11 Interesting Facts about the Iguanas in Puerto Rico

Green Iguana | © RoyBuri/pixabay
Green Iguana | © RoyBuri/pixabay
Photo of Kris Pethick
22 December 2017

Whether you see the green iguana as an emerald jewel of a creature or as a nasty “rodent,” you will certainly get an eyeful of them when you travel to Puerto Rico. Here are some things you should know about the iguanas on the island.

Invasive species

Iguanas are native to Central and South America, but were introduced to Puerto Rico in the 1970s through the pet trade. Some of these pets were released into the wild and have now become a full-blown pest control issue, mostly due to the fact that they have no natural predator on the island.

Invasive species of green iguanas | © Freddie01/pixabay

Farmer vs Iguana

The largest concentration of iguanas is in the southeast region of Puerto Rico which is also the agricultural area of the island. Iguanas are wreaking havoc on crops. There are reports that over 100 iguanas were killed or captured in a single acre.

Green iguanas pester farmers | © Freddie01 / Pixabay

Their food source

Iguanas are herbivores who love dining on the fruits of Puerto Rico like bananas, mangoes and star fruit.

Bananas are just one of the crops that iguanas enjoy | © DerSpeaker/pixabay

Our food source?

A proposal to the iguana problem has been to harvest them as a food source. Iguana is eaten in countries of Central and South America like Belize and Panama, and in the US iguana meat is sold for as much as $6.00/pound, but in Puerto Rico the iguana is considered a pest and is not eaten. A red meat, some say iguana tastes like chicken while others say it tastes like pork.

Their size

Iguanas can live up to 20 years, grow up to six and a half feet long (2m) and weigh as much as 11 pounds (5kg).

Green iguanas are often found in trees | © EzekielRyanHo / Pixabay


Iguanas can swim quite rapidly and can stay submerged for up to 30 minutes.
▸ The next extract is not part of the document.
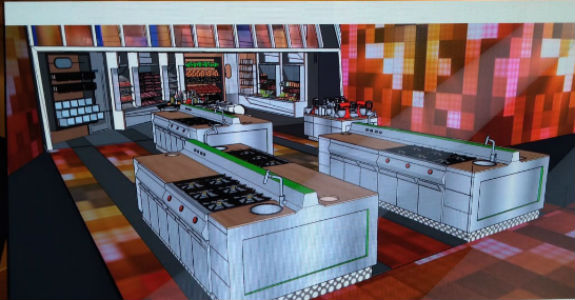 Projeto da cozinha da atração. Bancadas terão luzes de LED que mudam de cor para indicar o tempo que o participante ainda tem para concluir a prova; segundo Boninho, ideia é ter menos pressão (Crédito: Bárbara Sacchitiello)

Swimming iguana | © yubabubbler2/pixabay

Flight Delays

In addition to crop damage, iguanas are known to cause flight delays and are hazards on roads because they like to sun on the hot asphalt.


Iguanas build their nests underground and females lay as many as 70 eggs twice a year.

Nesting iguana | © NadineDoerle/pixabay

Iguana Island

There are believed to be over 10 million iguanas on the island now, and the population is expected to double every year or so if nothing is done to slow the population growth.


As is typical of animals in nature, an iguana is more afraid of you than you are of it, and will run away whenever possible, but if cornered they may lash out with their very strong whip-like tail or bite with their razor-sharp teeth. If you handle an iguana, make sure to wash your hands thoroughly to eliminate the possible spread of salmonella.

Los Iguaneros

Iguana hunters known as Los Iguaneros travel around the island, mostly hunting on large farms to control crop damage.